The construction industry faced the highest rate of insolvencies in the year to April 2024, with 4,401 companies in England and Wales declaring insolvency. Tight funding, high labour costs, and political uncertainty contributed to the rise, with further increases expected in Q3 2024.
The construction industry experienced the highest rate of insolvencies in the year leading up to April 2024, according to data from the Insolvency Service.
A total of 4,401 construction companies in England and Wales declared insolvency during this period, accounting for 18 percent of all business insolvencies. This number is nearly 500 more than the wholesale and retail sector, which had 3,906 insolvencies. The accommodation and food service sector followed closely, with 3,821 insolvencies.
In April 2024 alone, 399 construction businesses registered for insolvency, a significant increase from 315 in March.
Kelly Boorman, RSM UK’s national head of construction, noted that construction businesses are struggling with tight funding conditions. Interest rates have not decreased as quickly as needed, and rising labour costs are squeezing profit margins. Boorman highlighted that while project pipelines are growing, the lack of access to working capital and the time required to mobilize are major factors contributing to the high number of insolvencies.
Boorman also pointed to political uncertainty, extended payment times within the supply chain, and expected labour shortages in the summer months as additional challenges. RSM UK anticipates a further increase in construction insolvencies in the third quarter of 2024.
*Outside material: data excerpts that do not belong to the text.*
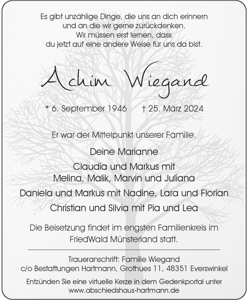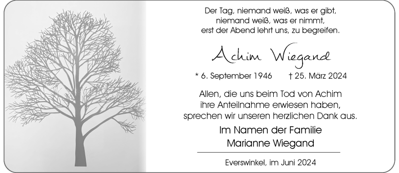 Hier finden Sie alle Traueranzeigen aus der Zeitung, die bisher für Achim Wiegand erschienen sind. Weitere Traueranzeigen, die in der Zeitung erscheinen, werden hier ebenfalls aufgelistet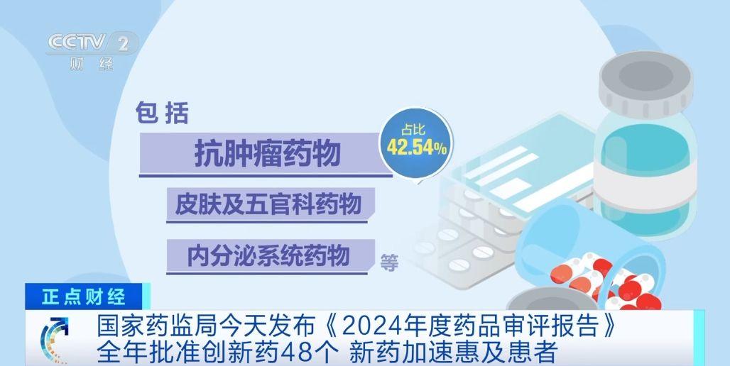 国家药监局18日发布《2024年度药品审评报告》。报告显示,2024年我国全年批准1类创新药48个,涵盖肿瘤、神经系统疾病和抗感染等近20个治疗领域,一大批新药好药加速惠及患者。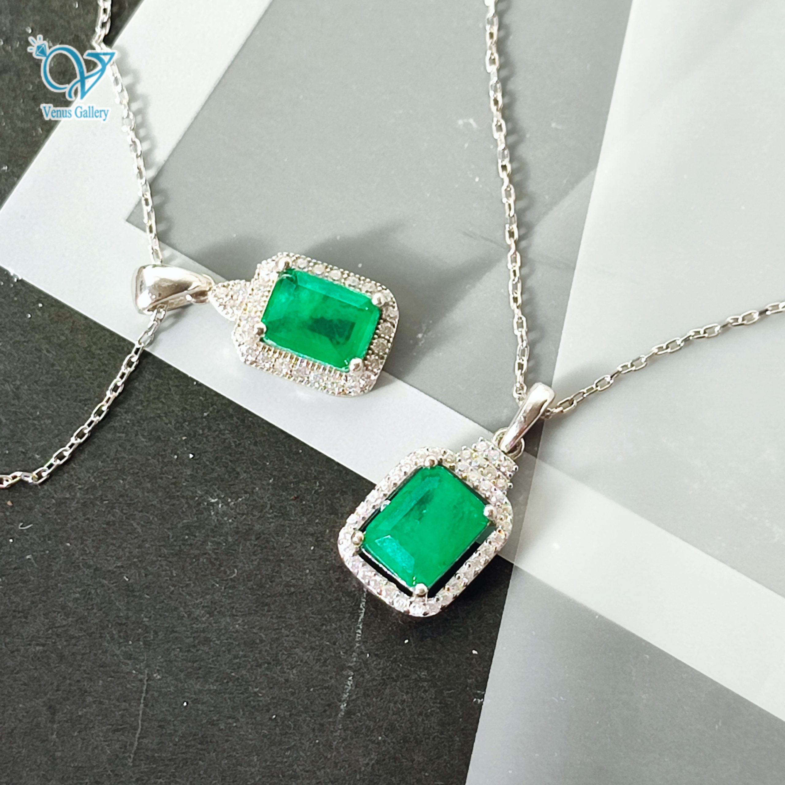مدال نقره طرح جواهر نگین سبز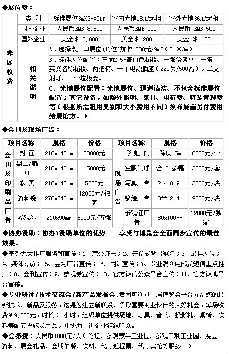 會刊宣傳:大會將制作1萬份會刊,免費(fèi)贈予專業(yè)觀眾和參展商,4個(gè)展位以上展商將獲重點(diǎn)推介(包括官方微博、官方微信、官網(wǎng)LOGO鏈接、郵件推廣、短信推廣、365天供需配對服務(wù)等);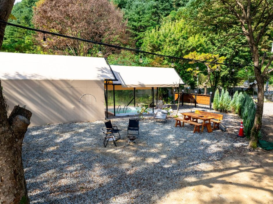경기도 가평군에 위치한 이곳은 숲 속에 위치해 있어서 편안하게 휴식을 취하기 좋다. 개별 수영장이 구비되어 있어서 다른 사람들의 방해 없이 개인공간에서 수영과 휴식이 가능하다. 이곳은 불멍이 가능하며 숯불세트가 준비되어 있다. 또한 글램핑뿐만 아니라 독채로 구성된 풀빌라도 있어서 편하게 풀램핑을 즐길 수 있다.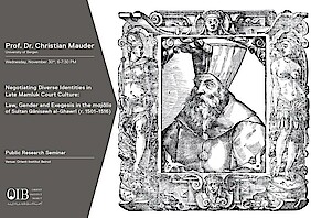 This talk analyzes the texture, richness, and complexity of intellectual life at the late Mamluk court. By focusing on how members of the court voiced, affirmed, and negotiated various identities in the areas of law, gender, and Quranic exegesis, the talk demonstrates that late Mamluk court culture was characterized by a much higher level of internal diversity and intellectual activity than heretofore assumed. This analysis of Mamluk court culture is based on a close reading of accounts of the majālis or learned salons that the penultimate Mamluk ruler Qāniṣawh al-Ghawrī convened at the Cairo Citadel during most of his reign, which lasted from 1501 to 1516. The accounts of these events allow unique insights into how members of al-Ghawrī’s court developed novel intellectual strategies that addressed the legal, political, and theological challenges of the day and contributed to a vibrant scholarly life during a period that is still all too often associated with an alleged cultural decline of the Islamic world.

Boorman emphasized the need for the next government to prioritize de-risking the supply chain, reducing payment terms, and providing clear infrastructure planning and spending. These measures would help businesses make more informed and long-term growth decisions when bidding for projects.
Notable companies that became insolvent in the year to April 2024 include Buckingham Group, Henry Construction, and Readie.
Jo Streeten, managing director for building and places at Aecom, also predicted a challenging second half of the year. She mentioned that fluctuating output and a slowing economy in April could delay the rate cuts needed to ease pressure on balance sheets. Streeten added that the upcoming election might bring improved conditions through a new infrastructure strategy and a more effective planning system. However, contractors will need to continue managing costs effectively until increased demand, potentially driven by greater political certainty, materializes.